В восьмидесятых годах Н. С. Мосолов, богатый помещик, академик, известный гравер и собиратель редких гравюр, занимал здесь отдельный корпус, в нижнем этаже которого помещалось варшавское страховое общество; в другом крыле этого корпуса, примыкавшего к квартире Мосолова, помещалась фотография Мебиуса. Мосолов жил в своей огромной квартире один, имел прислугу из своих бывших крепостных. Полгода он обыкновенно проводил за границей, а другие полгода – в Москве, почти никого не принимая у себя. Изредка он выезжал из дому по делам в дорогой старинной карете, на паре прекрасных лошадей, со своим бывшим крепостным кучером, имени которого никто не знал, а звали его все «Лапша».
Против дома Мосолова на Лубянской площади была биржа наемных карет. Когда Мосолов продал свой дом страховому обществу «Россия», то карету и лошадей подарил своему кучеру и «Лапша» встал на бирже. Прекрасная запряжка давала ему возможность хорошо зарабатывать: ездить с «Лапшой» считалось шиком.
Мосолов умер в 1914 году. Он пожертвовал в музей драгоценную коллекцию гравюр и офортов, как своей работы, так и иностранных художников. Его тургеневскую фигуру помнят старые москвичи, но редко кто удостаивался бывать у него. Целые дни он проводил в своем доме за работой, а иногда отдыхал с трубкой на длиннейшем черешневом чубуке у окна, выходившего во двор, где помещался в восьмидесятых годах гастрономический магазин Генералова.

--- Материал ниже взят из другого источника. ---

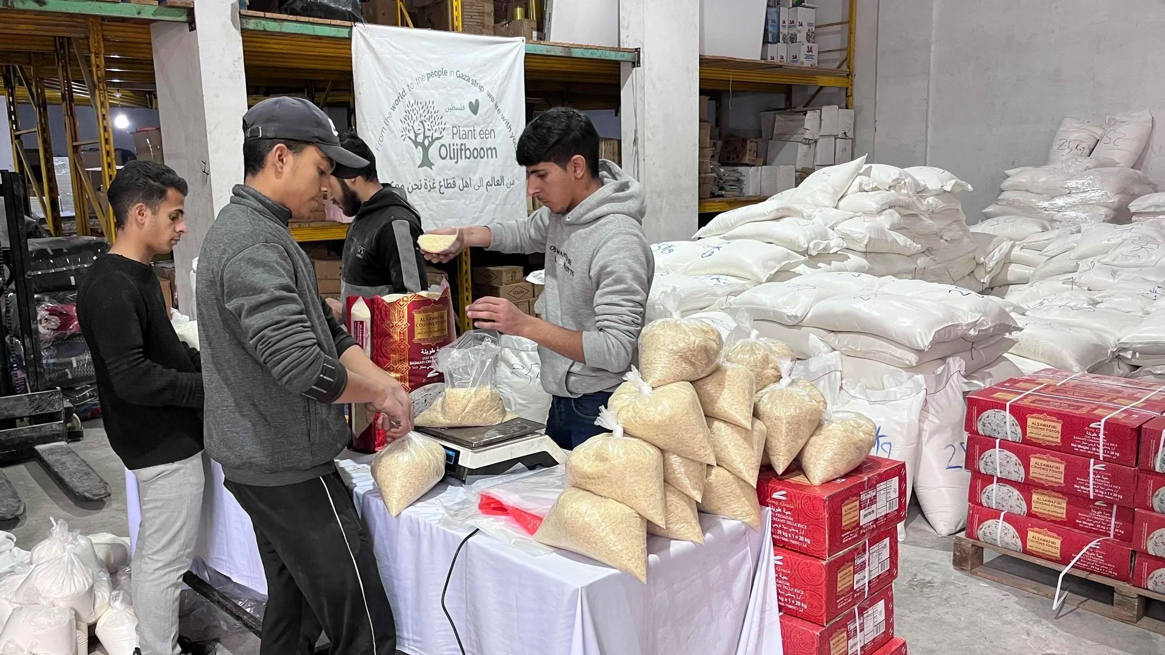 Het is enorm belangrijk nu de grenzen dicht zijn om basisproducten uit te delen. Tijdens de Ramadan geven moslims Zakaat al-Fitr. Dat is een vaste gift voor iedere moslim om ervoor te zorgen dat iedereen een fijne Eid al-Fitr kan hebben, ook als zij zelf geen geld hebben om voldoende eten te kopen. In Gaza zijn heel veel mensen die door de genocide arm en behoeftig zijn geworden. Daarom delen we - voordat het Eid gebed gebeden wordt - rijst en meel uit namens mensen die hun Zakaat al-Fitr hebben afgedragen en ook met een deel vanuit de reguliere donaties aan het Palestina Fonds. Want we hebben een grote hoeveelheid aangekocht net voordat de grenzen sloten. Namelijk 15.000kg rijst en 15.000kg meel.

При магазине была колбасная; чтобы иметь товар подешевле, хозяин заблаговременно большими партиями закупал кишки, и они гнили в бочках, распространяя ужасную вонь. По двору носилась злющая собака, овчарка Енотка, которая не выносила полицейских. Чуть увидит полицейского – бросается. И всякую собаку, забежавшую на двор, рвала в клочья.
В соседнем флигеле дома Мосолова помещался трактир Гусенкова, а во втором и третьем этажах – меблированные комнаты. Во втором этаже номеров было около двадцати, а в верхнем – немного меньше. В первый раз я побывал в них в 1881 году, у актера А. Д. Казакова.
– Тут все наши, тамбовские! – сказал он.
Мосолов, сам тамбовский помещик, сдал дом под номера какому-то земляку-предпринимателю, который умер в конце восьмидесятых годов, но и его преемник продолжал хранить традиции первого.
Номера все были месячные, занятые постоянными жильцами. Среди них, пока не вымерли, жили тамбовские помещики (Мосолов сам был из их числа), еще в семидесятых годах приехавшие в Москву доживать свой век на остатки выкупных, полученных за «освобожденных» крестьян.
Оригинальные меблирашки! Узенькие, вроде тоннеля, коридорчики, со специфическим «нумерным» запахом. Коридорные беспрерывно неслышными шагами бегали с плохо луженными и нечищеными самоварами в облаках пара, с угаром, в номера и обратно… В неслышной, благодаря требованию хозяина, мягкой обуви, в их своеобразной лакейской ловкости движений еще чувствовался пережиток типичных, растленных нравственно и физически, но по лакейской части весьма работоспособных, верных холопов прежней помещичьей дворни.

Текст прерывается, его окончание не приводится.